You can use the provided C function crosstab_hash for this.

The manual is not very clear in this respect. It's mentioned at the end of the chapter on crosstab() with two parameters:

You can create predefined functions to avoid having to write out the result column names and types in each query. See the examples in the previous section. The underlying C function for this form of crosstab is named crosstab_hash.

For your example:

CREATE OR REPLACE FUNCTION f_cross_test_db(text, text)
  RETURNS TABLE (kernel_id int, key1 int, key2 int, key3 int)
  AS '$libdir/tablefunc','crosstab_hash' LANGUAGE C STABLE STRICT;

Call:

SELECT * FROM f_cross_test_db(
      'SELECT kernel_id, key, value FROM test_db ORDER BY 1,2'
     ,'SELECT DISTINCT key FROM test_db ORDER BY 1');

Note that you need to create a distinct crosstab_hash function for every crosstab function with a different return type.

Related:


Your function to generate the column list is rather convoluted, the result is incorrect (int missing after kernel_id), it can be replaced with this SQL query:

SELECT 'kernel_id int, '
       || string_agg(DISTINCT key::text, ' int, '  ORDER BY key::text)
       || ' int, DUMMY text'
FROM   test_db;

And it cannot be used dynamically anyway.

Ancilla answered 14/10, 2012 at 23:46 Comment(5)
Thanks for the detailed reply @Erwin. I was able to make the basic crosstab work with a static set of crosstab fields. I am kind of surprised that we don't have any way of dynamically generating the list of columns and thus a dynamic crosstab in postgresql. Is there any other round-about or hacky way of doing this in postgresql that you are aware of ?Freeliving
@invinc4u: The problem is that the return type of a function cannot be altered dynamically. You could recreate the function itself dynamically and then call it immediately. But that's tricky business ...Ancilla
Ya that makes sense.
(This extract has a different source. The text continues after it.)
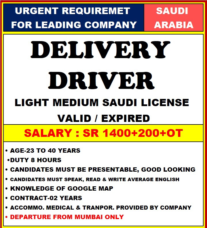 URGENT REQUIREMET FOR LEADING COMPANY IN SAUDI ARABIA

But I was hoping there that there was some hacky way using dyanmic SQL which would have solved the problem. After preparing the dynamic SQL, we should just be able to execute the query and it should generate the dynamic crosstab for us. See this for example : muhammedsalimp.wordpress.com/2010/07/16/…. I am already missing my SQL Server :( Anyways thanks a tonne for your help and guidance !!Freeliving
I am a little confused. How is this answering the question? As per the solution, we still need to type out the column list and type here: RETURNS TABLE (kernel_id int, key1 int, key2 int, key3 int). Isn't it exactly what the OP wants to avoid?Duron
Hi @ErwinBrandstetter, could you help and take a look at my new mythtery ... dba.stackexchange.com/questions/275575/…Muldrow
P
5

I realise this is an older post but struggled for a little while on the same issue.

My Problem Statement: I had a table with muliple values in a field and wanted to create a crosstab query with 40+ column headings per row.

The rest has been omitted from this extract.